Send back the entries exactly as they were given.

*EXERCISE MATERIAL:*
☆ ☆ ☆ ☆
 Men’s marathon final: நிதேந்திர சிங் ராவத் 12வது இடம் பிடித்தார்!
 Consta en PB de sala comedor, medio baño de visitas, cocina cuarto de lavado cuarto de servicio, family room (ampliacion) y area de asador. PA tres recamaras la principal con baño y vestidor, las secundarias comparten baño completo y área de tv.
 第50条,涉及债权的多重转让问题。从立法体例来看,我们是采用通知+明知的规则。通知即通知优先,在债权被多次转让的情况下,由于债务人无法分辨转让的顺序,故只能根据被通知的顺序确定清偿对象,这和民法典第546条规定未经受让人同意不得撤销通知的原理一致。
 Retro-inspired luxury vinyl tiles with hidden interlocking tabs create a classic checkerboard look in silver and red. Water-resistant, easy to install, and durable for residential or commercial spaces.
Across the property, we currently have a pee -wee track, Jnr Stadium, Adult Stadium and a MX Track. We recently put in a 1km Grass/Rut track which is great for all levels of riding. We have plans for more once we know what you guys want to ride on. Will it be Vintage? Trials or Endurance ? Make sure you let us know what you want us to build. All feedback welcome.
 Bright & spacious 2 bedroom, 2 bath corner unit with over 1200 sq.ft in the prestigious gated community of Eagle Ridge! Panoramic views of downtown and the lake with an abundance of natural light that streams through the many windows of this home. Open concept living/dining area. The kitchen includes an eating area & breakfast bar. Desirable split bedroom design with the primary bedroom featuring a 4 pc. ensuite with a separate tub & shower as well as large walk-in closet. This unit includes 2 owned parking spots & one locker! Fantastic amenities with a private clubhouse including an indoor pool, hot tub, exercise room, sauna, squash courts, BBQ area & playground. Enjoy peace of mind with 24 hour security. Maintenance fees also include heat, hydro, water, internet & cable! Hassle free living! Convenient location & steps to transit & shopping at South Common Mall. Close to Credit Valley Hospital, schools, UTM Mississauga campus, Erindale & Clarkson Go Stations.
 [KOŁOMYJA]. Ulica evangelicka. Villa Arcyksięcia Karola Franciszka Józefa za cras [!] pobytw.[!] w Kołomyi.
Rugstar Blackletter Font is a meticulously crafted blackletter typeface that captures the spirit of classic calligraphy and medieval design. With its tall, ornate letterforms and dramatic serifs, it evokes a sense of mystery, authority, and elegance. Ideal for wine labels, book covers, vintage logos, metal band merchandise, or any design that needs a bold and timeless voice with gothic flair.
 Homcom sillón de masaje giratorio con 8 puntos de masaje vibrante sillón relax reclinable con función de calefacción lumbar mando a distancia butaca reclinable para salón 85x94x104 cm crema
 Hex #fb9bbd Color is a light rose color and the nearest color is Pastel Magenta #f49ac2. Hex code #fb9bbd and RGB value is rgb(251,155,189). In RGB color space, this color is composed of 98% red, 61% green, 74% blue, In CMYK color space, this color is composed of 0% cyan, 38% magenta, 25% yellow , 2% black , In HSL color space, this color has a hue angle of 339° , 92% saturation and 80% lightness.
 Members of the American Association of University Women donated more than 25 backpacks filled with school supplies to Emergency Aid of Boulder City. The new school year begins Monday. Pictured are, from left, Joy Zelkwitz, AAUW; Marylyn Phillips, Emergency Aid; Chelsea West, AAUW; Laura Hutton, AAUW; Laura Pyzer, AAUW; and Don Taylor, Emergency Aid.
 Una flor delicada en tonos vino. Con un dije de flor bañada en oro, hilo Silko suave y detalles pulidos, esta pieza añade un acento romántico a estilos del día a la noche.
☆ ☆ ☆ ☆
*TASK SOLUTION:*
 Men’s marathon final: நிதேந்திர சிங் ராவத் 12வது இடம் பிடித்தார்!
 Consta en PB de sala comedor, medio baño de visitas, cocina cuarto de lavado cuarto de servicio, family room (ampliacion) y area de asador. PA tres recamaras la principal con baño y vestidor, las secundarias comparten baño completo y área de tv.
 第50条,涉及债权的多重转让问题。从立法体例来看,我们是采用通知+明知的规则。通知即通知优先,在债权被多次转让的情况下,由于债务人无法分辨转让的顺序,故只能根据被通知的顺序确定清偿对象,这和民法典第546条规定未经受让人同意不得撤销通知的原理一致。
 Retro-inspired luxury vinyl tiles with hidden interlocking tabs create a classic checkerboard look in silver and red. Water-resistant, easy to install, and durable for residential or commercial spaces.
Across the property, we currently have a pee -wee track, Jnr Stadium, Adult Stadium and a MX Track. We recently put in a 1km Grass/Rut track which is great for all levels of riding. We have plans for more once we know what you guys want to ride on. Will it be Vintage? Trials or Endurance ? Make sure you let us know what you want us to build. All feedback welcome.
 Bright & spacious 2 bedroom, 2 bath corner unit with over 1200 sq.ft in the prestigious gated community of Eagle Ridge! Panoramic views of downtown and the lake with an abundance of natural light that streams through the many windows of this home. Open concept living/dining area. The kitchen includes an eating area & breakfast bar. Desirable split bedroom design with the primary bedroom featuring a 4 pc. ensuite with a separate tub & shower as well as large walk-in closet. This unit includes 2 owned parking spots & one locker! Fantastic amenities with a private clubhouse including an indoor pool, hot tub, exercise room, sauna, squash courts, BBQ area & playground. Enjoy peace of mind with 24 hour security. Maintenance fees also include heat, hydro, water, internet & cable! Hassle free living! Convenient location & steps to transit & shopping at South Common Mall. Close to Credit Valley Hospital, schools, UTM Mississauga campus, Erindale & Clarkson Go Stations.
 [KOŁOMYJA]. Ulica evangelicka. Villa Arcyksięcia Karola Franciszka Józefa za cras [!] pobytw.[!] w Kołomyi.
Rugstar Blackletter Font is a meticulously crafted blackletter typeface that captures the spirit of classic calligraphy and medieval design. With its tall, ornate letterforms and dramatic serifs, it evokes a sense of mystery, authority, and elegance. Ideal for wine labels, book covers, vintage logos, metal band merchandise, or any design that needs a bold and timeless voice with gothic flair.
 Homcom sillón de masaje giratorio con 8 puntos de masaje vibrante sillón relax reclinable con función de calefacción lumbar mando a distancia butaca reclinable para salón 85x94x104 cm crema
 Hex #fb9bbd Color is a light rose color and the nearest color is Pastel Magenta #f49ac2. Hex code #fb9bbd and RGB value is rgb(251,155,189). In RGB color space, this color is composed of 98% red, 61% green, 74% blue, In CMYK color space, this color is composed of 0% cyan, 38% magenta, 25% yellow , 2% black , In HSL color space, this color has a hue angle of 339° , 92% saturation and 80% lightness.
 Members of the American Association of University Women donated more than 25 backpacks filled with school supplies to Emergency Aid of Boulder City. The new school year begins Monday. Pictured are, from left, Joy Zelkwitz, AAUW; Marylyn Phillips, Emergency Aid; Chelsea West, AAUW; Laura Hutton, AAUW; Laura Pyzer, AAUW; and Don Taylor, Emergency Aid.
 Una flor delicada en tonos vino. Con un dije de flor bañada en oro, hilo Silko suave y detalles pulidos, esta pieza añade un acento romántico a estilos del día a la noche.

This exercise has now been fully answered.